Post  dhula on Wed 31 Mar 2010, 9:31 pm

Read a post in the 12000 km service that talked about doing the TB's and letting the dealer/mechanic do it. Considering some of the other post in that thread related to costs etc I thought I'd post this up for those interested how to do it. (did a search and couldn't find anything similar - hope I haven't doubled up)
This is on a GSX650F so if you have a S model or neked bandit you can disregard any reference to fairings. The gauges are different also, but the info regarding the readout/display is the same

Disclaimer:
Before I start I have to say that I have taken all care to create this how to but I will not take any responsibility if you decide to use this info to do it yourself and cock it up causing the bike to have to visit a shop for repairs.
If you are not confident - DON'T DO IT

Righto.

First thing to do is to check that the TPS is adjusted correctly.
1. Create a lot of slack in the throttle cable. Your user manual will show you how to do this adjustment
2. Remove the RH side cover and find the dealer plug.


3. Remove the protective cap form the dealer plug and put the bike into dealer mode. I use a split pin (you'll notice I have covered the end of it to reduce the chance of shorts) but you can buy a dealer switch from Suzuki at a price around $30 AUD. NOTE: If the pic below dos not make sence for the pin location please say so and I'll explain it better.


4. Turn on the ignition and the dash should show something like this


You'll notice mine shows a _C00. This indicates my TPS needs adjusting. The following is a 'at home' way to do it but to get it spot on you'll either need to take it to a Suzuki dealer and ask them to do it for you or buy SDS
5. Remove the LH fairing and find the TPS


6. Loosen the TPS (DO NOT remove it from the bike). you'll need a TORX fitting T20H (it's the one with the hole in the middle) and it can be rotated to adjust the reading on the dash.
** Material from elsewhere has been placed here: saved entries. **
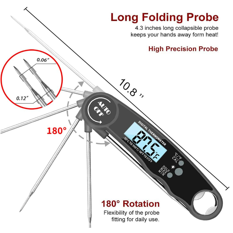 Smart, Easy-to-Use Design: The foldable 4.6″ stainless steel probe automatically powers on/off. Just flip it open to start measuring and fold it back to turn off. Auto shut-off after 10 minutes helps conserve battery.
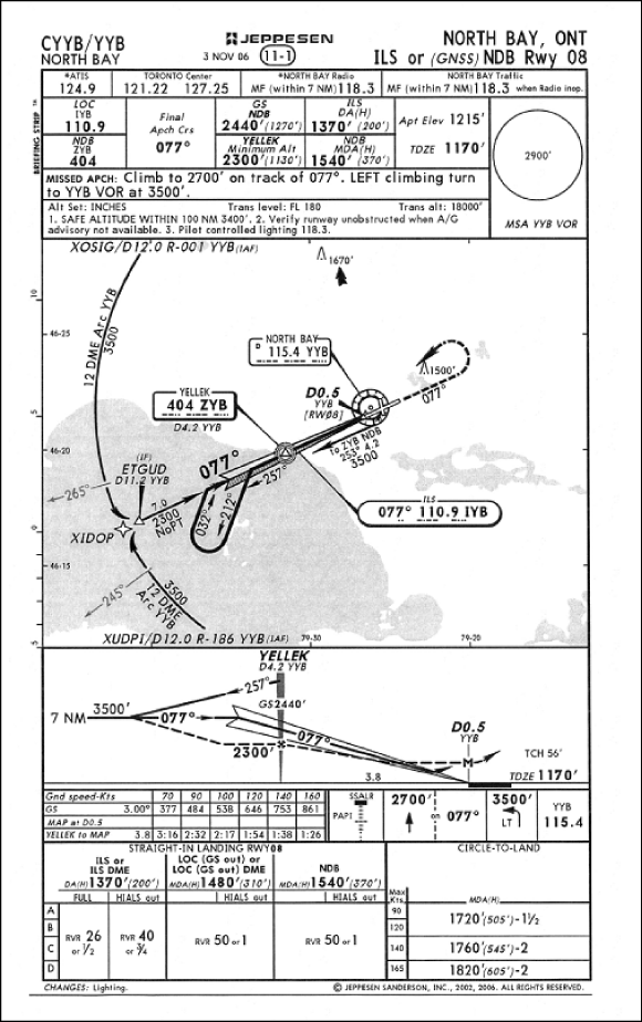 Au Canada, les procédures d'approche aux instruments sont établies en fonction des critères énoncés dans la publication de TC, Critères de construction des procédures aux instruments (TP 308). NAV CANADA est chargé de publier les cartes d'approche. Le TP 308 stipule qu'il faut considérer tout renvoi fait aux PANS-OPS (document 8168 susmentionné) dans les Annexes 4 et 15 de l'OACI comme étant un renvoi fait au TP 308. Toutefois, le TP 308 ne prescrit pas de créer des points de repère DME avec altitude pour les procédures NPA, et NAV CANADA ne les publie pas dans le Canada Air Pilot (CAP). Par conséquent, les cartes d'approche aux instruments Jeppesen pour le Canada ne donnent pas de points de repère altitude/distance dans leur profil latéral. Les cartes canadiennes de Jeppesen donnent un tableau servant à la descente et un profil de descente en approche finale, tandis que le CAP n'en donne pas.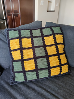 This pattern is a simple colourwork crochet project for Wordle fans. It works up quickly to make a roughly 21” pillow cover. Customisable charts for day mode and dark mode included, as well as all letters of the alphabet (although Q is not great due to the limitations of a 5x5 grid). Pattern is not recommended for the letter Q.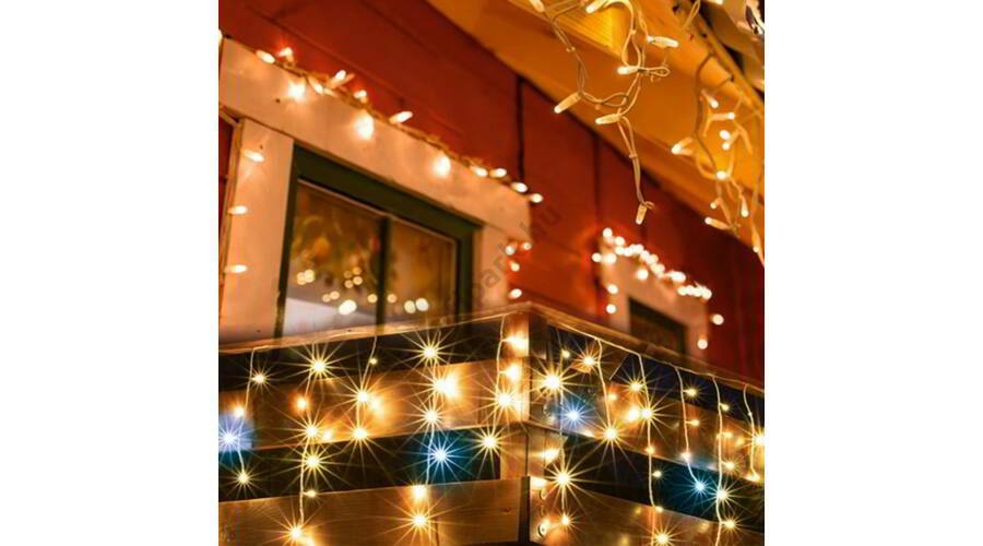 Ez a 10 méteres hosszúságú fényfüggöny 400 db melegfehér LED-del világít, amelyek meghitt, melegséget árasztanak. A különlegessége abban rejlik, hogy minden második füzérben hidegfehér LED-ek is villognak, így sziporkázó, dinamikus hatást keltenek, amely különleges hangulatot teremt. A fényfüggöny kül- és beltéri kivitelű, így akár az udvar, akár a nappali ékessége lehet.

It is a finiky, fiddly prick of a job to get right but in the end you need the dash readout to look like this when you have finished and have tightened the TPS (not to tight only by hand. I use a screwdriver type tool).


Now onto the TB balance.

NOTE: Leave the bike in dealer mode. If you have started here and not done the TPS check/adjust, put the bike into dealer mode as per step 2-3 above.
1. Remove the tank (you user manual should show you how). to expose the inner workings


2. Locate the IAP sensor


You need to unplug this and remove it with the hoses that are attached to it. This is what you are removing


You can just unplug the IAP sensor and disconnect all the hoses from the engine (those small barbs on the engine will become the test points for the balance tool) but I've said to remove it all so it is easier to see what you are doing, that's all
3. Hook up your balancing tool. I use a Morgan carbtune as I find it the easiest to use and there is no maintenance that goes with it. It is up to you what you use tho.
Locate the adjusting screws for each TB. Here is a pic of cylinder 2


and cylinder 3


Use a torch and take your time, you will find them.
4. Make some kind of thing up to hold your tank above the bike so you can access the adjusters while the bike is running. Here is what mine looks like all ready to go. Nothing pretty, but it works and is safe and secure.
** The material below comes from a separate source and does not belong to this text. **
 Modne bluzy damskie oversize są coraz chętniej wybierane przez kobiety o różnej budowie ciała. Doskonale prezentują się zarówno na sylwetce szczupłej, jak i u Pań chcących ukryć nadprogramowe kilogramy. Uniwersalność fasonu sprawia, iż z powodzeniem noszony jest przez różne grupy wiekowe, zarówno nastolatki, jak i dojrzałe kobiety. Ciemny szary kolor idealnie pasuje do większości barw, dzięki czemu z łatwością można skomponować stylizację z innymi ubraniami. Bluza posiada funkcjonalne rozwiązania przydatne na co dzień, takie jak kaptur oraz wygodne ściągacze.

5. Hook up the tank and start the bike. You will a code in the dash that is -C013. This is the code for the IAP you disconnected in step 2 and is perfectly normal. You now need to wait until the bike cooling fan kicks in. This ensures your bike is warmed up enough to do the adjustments. I also use a small fan to blow air onto the radiator and help move exhaust fumes out of my shed. I recommend you do this also as it will get quite hot in there.
This is what mine looked like at first start up


and after it was warm


So you can see I needed to do mine.
6. Adjust each adjusting screw (cylinder) to end up looking similar to this. (Mines not spot on as I still need to run the bike in and I'll be doing it again after the first service. It is better than before tho)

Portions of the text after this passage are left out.